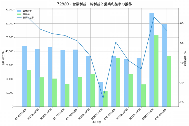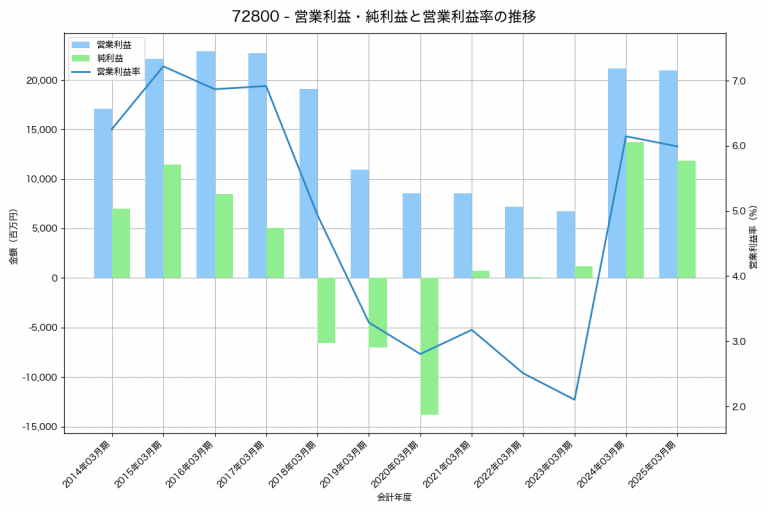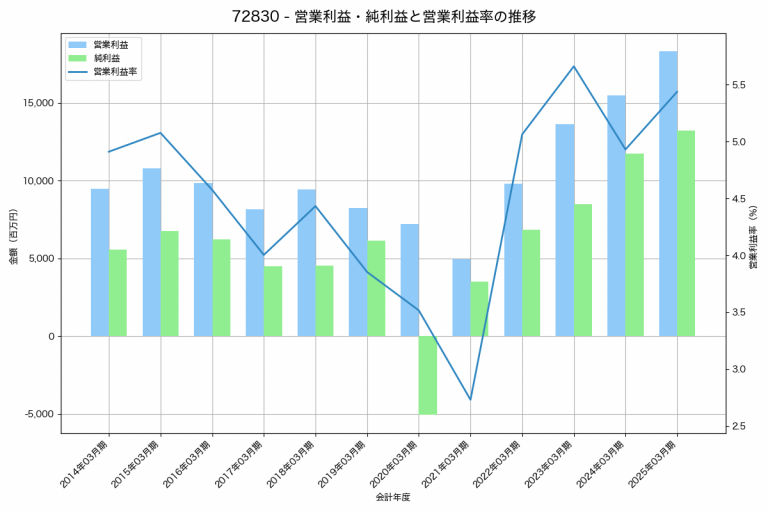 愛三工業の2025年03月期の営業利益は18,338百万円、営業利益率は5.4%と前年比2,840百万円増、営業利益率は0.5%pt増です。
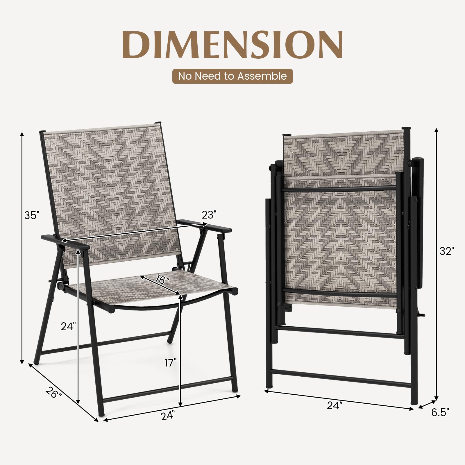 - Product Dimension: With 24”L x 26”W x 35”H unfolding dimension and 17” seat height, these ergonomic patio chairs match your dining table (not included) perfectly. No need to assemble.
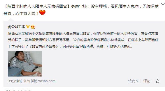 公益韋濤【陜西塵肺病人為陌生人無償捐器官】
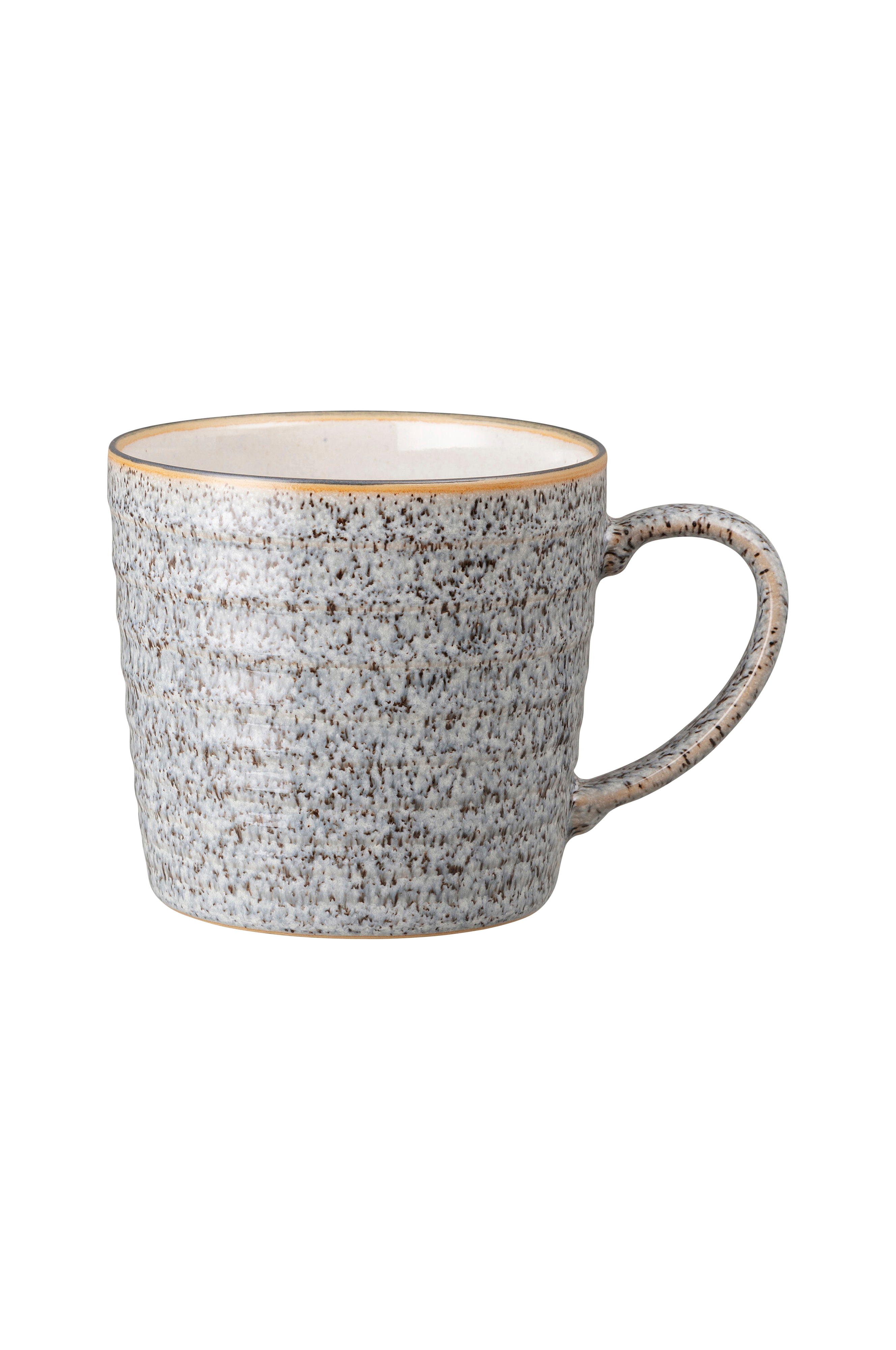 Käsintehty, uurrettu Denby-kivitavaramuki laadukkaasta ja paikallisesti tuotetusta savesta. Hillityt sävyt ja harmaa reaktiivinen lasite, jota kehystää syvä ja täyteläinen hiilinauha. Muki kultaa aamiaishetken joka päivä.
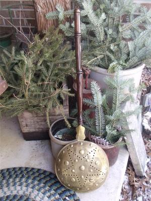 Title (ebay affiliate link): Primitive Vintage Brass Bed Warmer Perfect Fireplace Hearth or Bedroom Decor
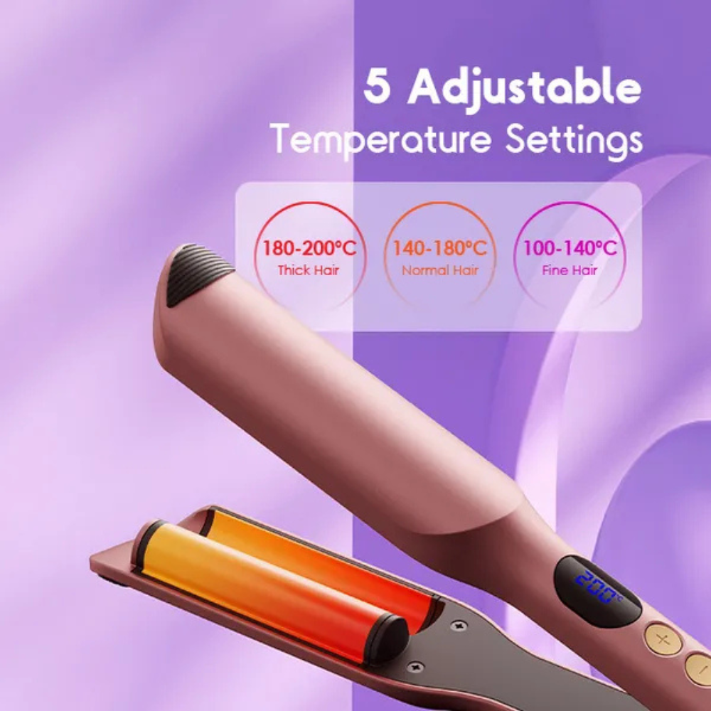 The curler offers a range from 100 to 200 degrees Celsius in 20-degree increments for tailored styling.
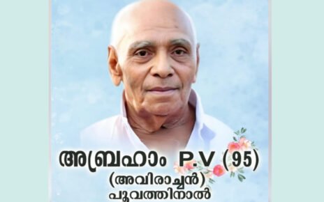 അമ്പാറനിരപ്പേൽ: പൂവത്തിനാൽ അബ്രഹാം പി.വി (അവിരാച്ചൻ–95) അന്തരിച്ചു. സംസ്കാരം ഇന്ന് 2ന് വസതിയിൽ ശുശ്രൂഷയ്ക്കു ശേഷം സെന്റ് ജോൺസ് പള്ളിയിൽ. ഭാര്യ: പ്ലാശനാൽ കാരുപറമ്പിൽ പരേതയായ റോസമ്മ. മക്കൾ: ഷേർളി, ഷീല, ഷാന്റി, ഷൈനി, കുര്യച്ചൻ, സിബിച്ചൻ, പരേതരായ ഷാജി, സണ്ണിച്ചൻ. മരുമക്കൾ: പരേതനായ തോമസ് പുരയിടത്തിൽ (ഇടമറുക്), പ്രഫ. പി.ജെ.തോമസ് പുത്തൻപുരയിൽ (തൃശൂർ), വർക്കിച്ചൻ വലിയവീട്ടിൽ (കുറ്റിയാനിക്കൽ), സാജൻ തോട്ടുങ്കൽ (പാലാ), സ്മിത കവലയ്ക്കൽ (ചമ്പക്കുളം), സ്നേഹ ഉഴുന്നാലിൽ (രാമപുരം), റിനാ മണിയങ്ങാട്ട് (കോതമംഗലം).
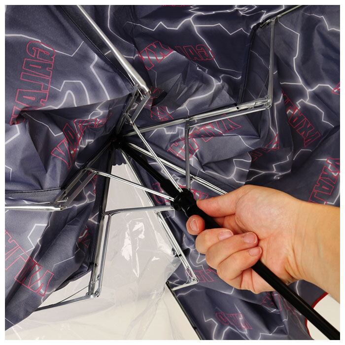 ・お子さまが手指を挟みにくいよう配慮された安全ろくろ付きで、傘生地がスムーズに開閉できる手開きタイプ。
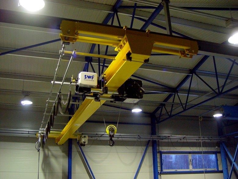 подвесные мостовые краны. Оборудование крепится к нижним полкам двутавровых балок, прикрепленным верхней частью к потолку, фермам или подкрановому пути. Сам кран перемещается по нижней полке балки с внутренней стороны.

_____

Would you reproduce the lines from the one with "Käsintehty, uurrettu Denby-kivitavaramuki" through the final line of the data above, exactly and only those, without any pictures?

 Käsintehty, uurrettu Denby-kivitavaramuki laadukkaasta ja paikallisesti tuotetusta savesta. Hillityt sävyt ja harmaa reaktiivinen lasite, jota kehystää syvä ja täyteläinen hiilinauha. Muki kultaa aamiaishetken joka päivä.
 Title (ebay affiliate link): Primitive Vintage Brass Bed Warmer Perfect Fireplace Hearth or Bedroom Decor
 The curler offers a range from 100 to 200 degrees Celsius in 20-degree increments for tailored styling.
 അമ്പാറനിരപ്പേൽ: പൂവത്തിനാൽ അബ്രഹാം പി.വി (അവിരാച്ചൻ–95) അന്തരിച്ചു. സംസ്കാരം ഇന്ന് 2ന് വസതിയിൽ ശുശ്രൂഷയ്ക്കു ശേഷം സെന്റ് ജോൺസ് പള്ളിയിൽ. ഭാര്യ: പ്ലാശനാൽ കാരുപറമ്പിൽ പരേതയായ റോസമ്മ. മക്കൾ: ഷേർളി, ഷീല, ഷാന്റി, ഷൈനി, കുര്യച്ചൻ, സിബിച്ചൻ, പരേതരായ ഷാജി, സണ്ണിച്ചൻ. മരുമക്കൾ: പരേതനായ തോമസ് പുരയിടത്തിൽ (ഇടമറുക്), പ്രഫ. പി.ജെ.തോമസ് പുത്തൻപുരയിൽ (തൃശൂർ), വർക്കിച്ചൻ വലിയവീട്ടിൽ (കുറ്റിയാനിക്കൽ), സാജൻ തോട്ടുങ്കൽ (പാലാ), സ്മിത കവലയ്ക്കൽ (ചമ്പക്കുളം), സ്നേഹ ഉഴുന്നാലിൽ (രാമപുരം), റിനാ മണിയങ്ങാട്ട് (കോതമംഗലം).
 ・お子さまが手指を挟みにくいよう配慮された安全ろくろ付きで、傘生地がスムーズに開閉できる手開きタイプ。
 подвесные мостовые краны. Оборудование крепится к нижним полкам двутавровых балок, прикрепленным верхней частью к потолку, фермам или подкрановому пути. Сам кран перемещается по нижней полке балки с внутренней стороны.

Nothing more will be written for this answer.